> _Exercise details_:
Extract exactly the lines from the top of the records through the line containing "CoquiAir materiāls (augstākās", and keep pictures out of the copy.

> _Supplied information_:
————
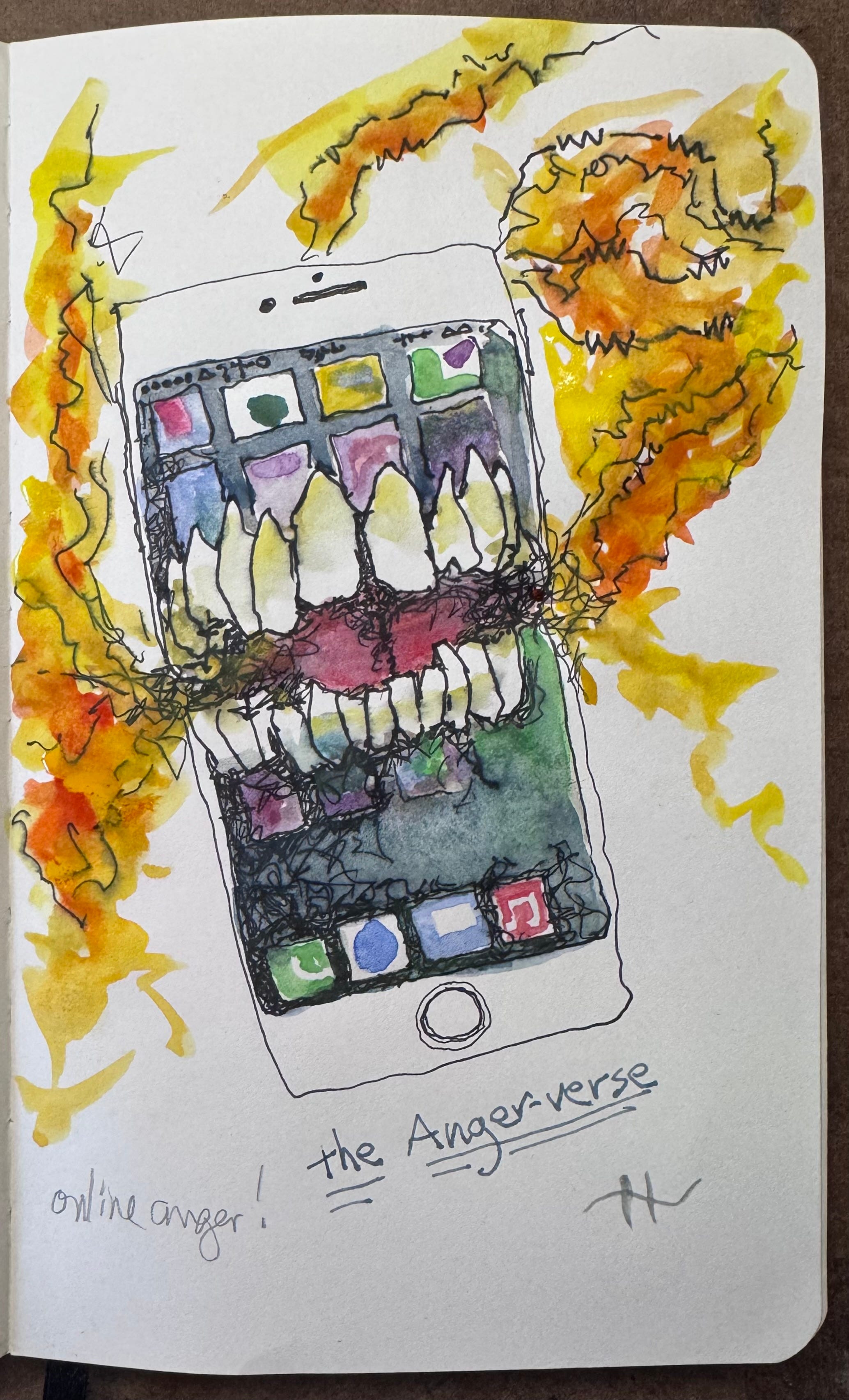 I did the ink a couple of years ago (note the iPhone button)… but my teen grandson spotted it yesterday while looking through my sketchbook and said, “Wow! That one is So True!…
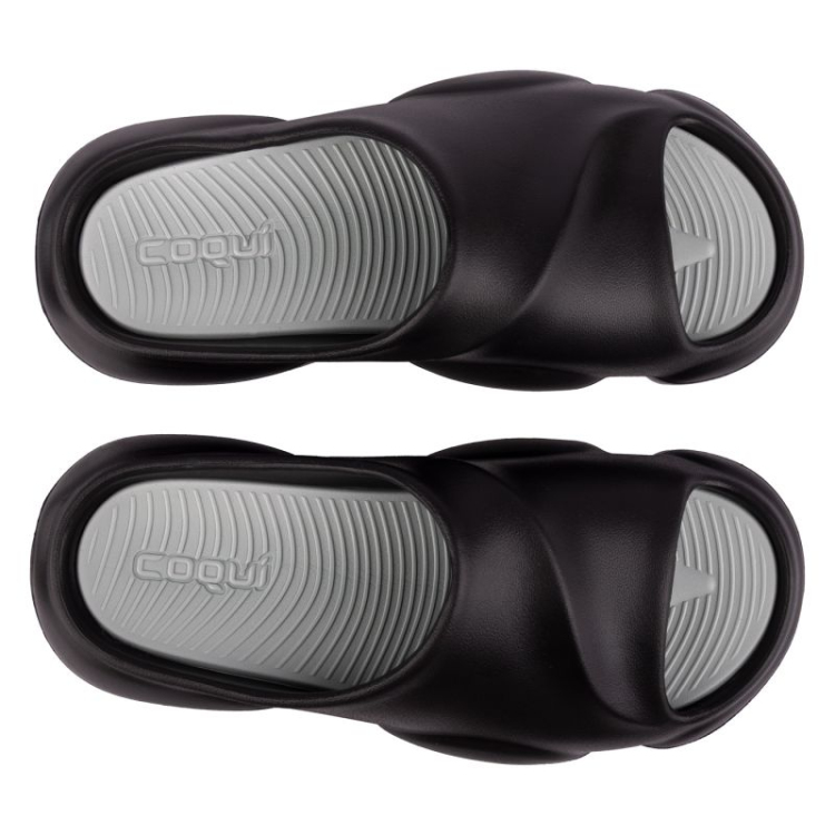 CoquiAir materiāls (augstākās klases EVA materiāli) Amortizācija Antibakteriāla virsma Neslīdoša un neatstāj pēdas zole Futūristisks dizains Plata siksna Viegls un viegli tīrāms materiāls
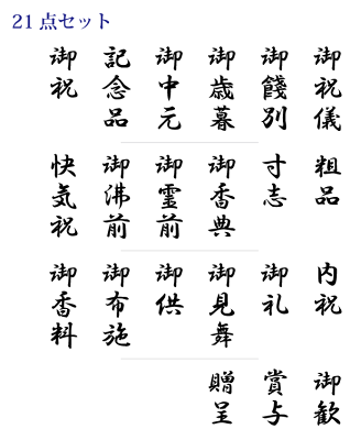 商品説明 のし袋用スタンプ 【表書き印21点+個人8点セット】 商品詳細 【表書き印21点セット】 ■印面内容 御祝/記念品/御中元/御歳暮/御餞別/御祝儀/ 快気祝/御沸前/御霊前/御香典/寸志/ 粗品/御香料/御布施/御供/御見舞/ 御礼/内祝/贈呈/賞与/御歓 ■サイズ 60mm×15mm 【個人8点セット】 ◆印面内容 1.金 2.参千円也 3.五千円也 4.壱萬円也 5.弐萬円也 6.参萬円也 7.お名前 8.ご住所 ◆サイズ スタンプ1 :10mm×10mm スタンプ2~6:34mm×8mm スタンプ7 :60mm×15mm スタンプ8 :60mm×10mm ※ご注意※ スタンプ8はご住所の長さにより2行表記になる場合がございます。
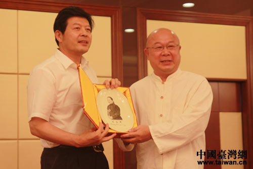 宋慶齡基金會常務副主席齊鳴秋向臺灣代表贈送禮物。(中國臺灣網 雍紫薇 攝)
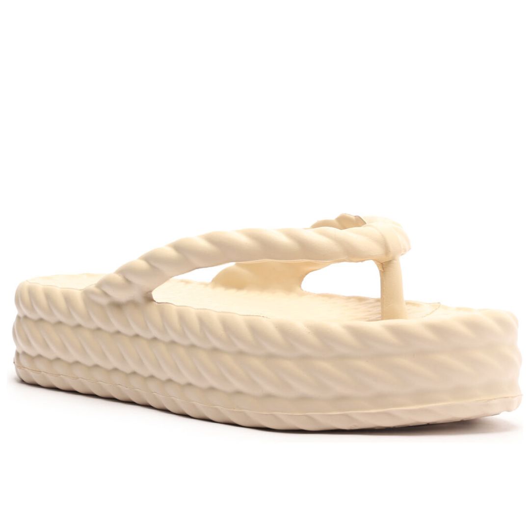 Descrição: Sandália branca em EVA. O modelo tem salto baixo, solado flatform em relevo que imita tiras de cordão torcido e palmilha texturizada com nome da marca. De bico redondo, traz tiras dividindo os dedos e também em forma de cordão torcido. Aberta, exibe todo o pé.
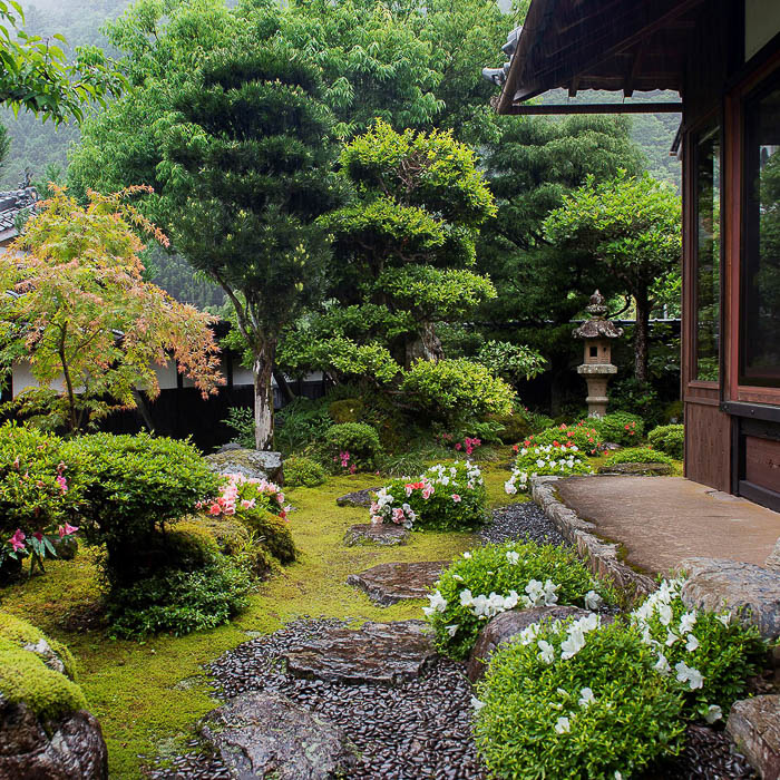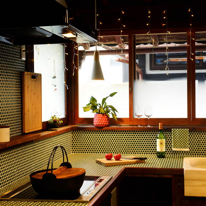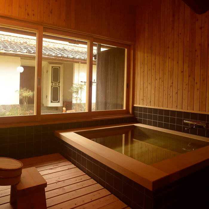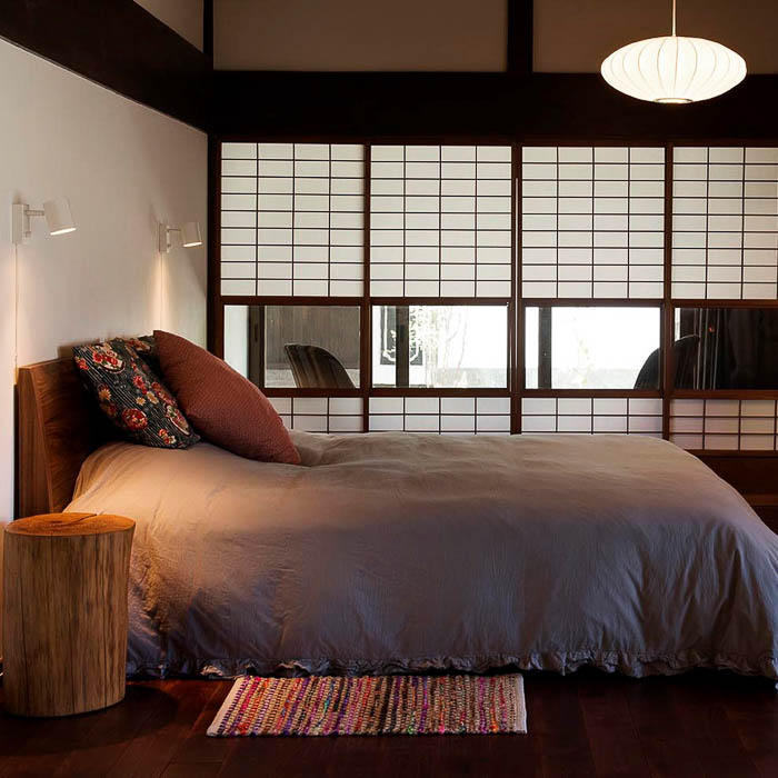 四季折々の豊かな表情を魅せる日本の原風景と、自然が残る集落に佇む趣のある建物に一歩入ると、 そこには、思わず懐かしさが込み上げる空間が広がります。 建物の梁や桁といった構造材やレトロな建具は、暮らしに寄り添ってきた矜持を醸し出し、ヨーロッパから集められたデザイン性に富む調度品と見事に調和しています。 また、ウチとソトの境界線には、奥の山を借景に苔の緑が映える手入れされた庭と、縁側のあるお座敷、そして、堀コタツのある和室の居間と長期間滞在したくなる、くつろぎと安らぎに満ちたスペースが続きます。
————
> _Your solution_:
 I did the ink a couple of years ago (note the iPhone button)… but my teen grandson spotted it yesterday while looking through my sketchbook and said, “Wow! That one is So True!…
 CoquiAir materiāls (augstākās klases EVA materiāli) Amortizācija Antibakteriāla virsma Neslīdoša un neatstāj pēdas zole Futūristisks dizains Plata siksna Viegls un viegli tīrāms materiāls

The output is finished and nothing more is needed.